Assignment ▸
Give back the full listing verbatim, apart from its images.

Data extract ▸
_ _ _
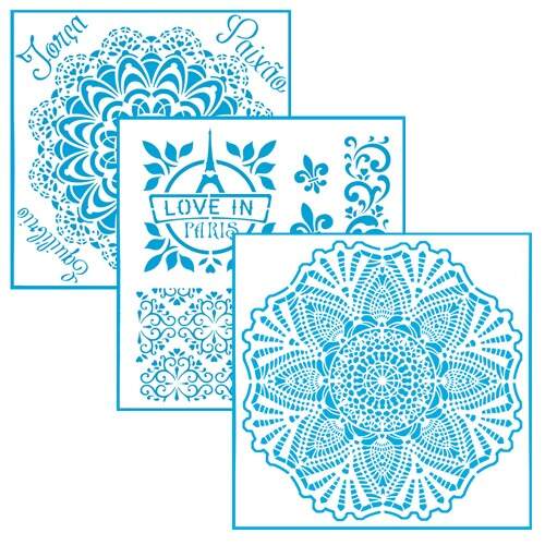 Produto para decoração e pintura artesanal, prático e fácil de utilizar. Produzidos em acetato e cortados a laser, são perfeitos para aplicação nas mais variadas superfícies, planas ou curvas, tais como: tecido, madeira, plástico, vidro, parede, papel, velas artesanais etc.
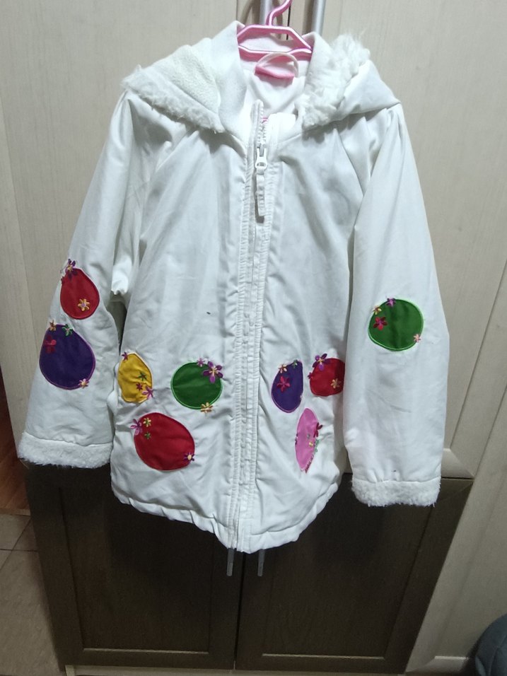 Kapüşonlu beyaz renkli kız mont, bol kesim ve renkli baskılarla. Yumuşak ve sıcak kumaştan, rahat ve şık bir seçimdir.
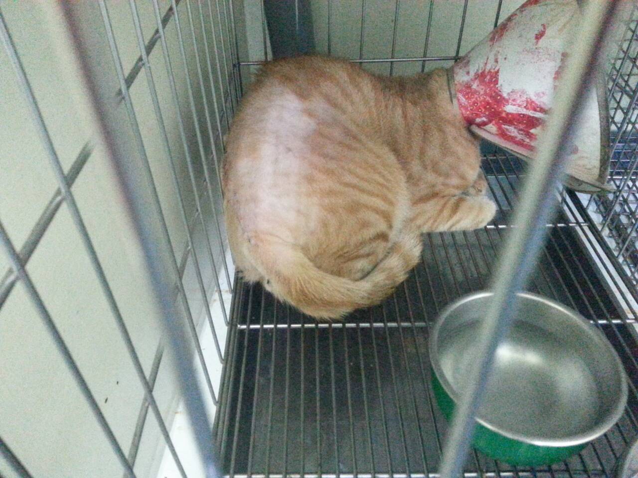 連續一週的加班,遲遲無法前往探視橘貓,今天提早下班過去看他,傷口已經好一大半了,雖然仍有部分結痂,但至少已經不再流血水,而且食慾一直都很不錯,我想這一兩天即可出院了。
_ _ _
Task output ▸
 Produto para decoração e pintura artesanal, prático e fácil de utilizar. Produzidos em acetato e cortados a laser, são perfeitos para aplicação nas mais variadas superfícies, planas ou curvas, tais como: tecido, madeira, plástico, vidro, parede, papel, velas artesanais etc.
 Kapüşonlu beyaz renkli kız mont, bol kesim ve renkli baskılarla. Yumuşak ve sıcak kumaştan, rahat ve şık bir seçimdir.
 連續一週的加班,遲遲無法前往探視橘貓,今天提早下班過去看他,傷口已經好一大半了,雖然仍有部分結痂,但至少已經不再流血水,而且食慾一直都很不錯,我想這一兩天即可出院了。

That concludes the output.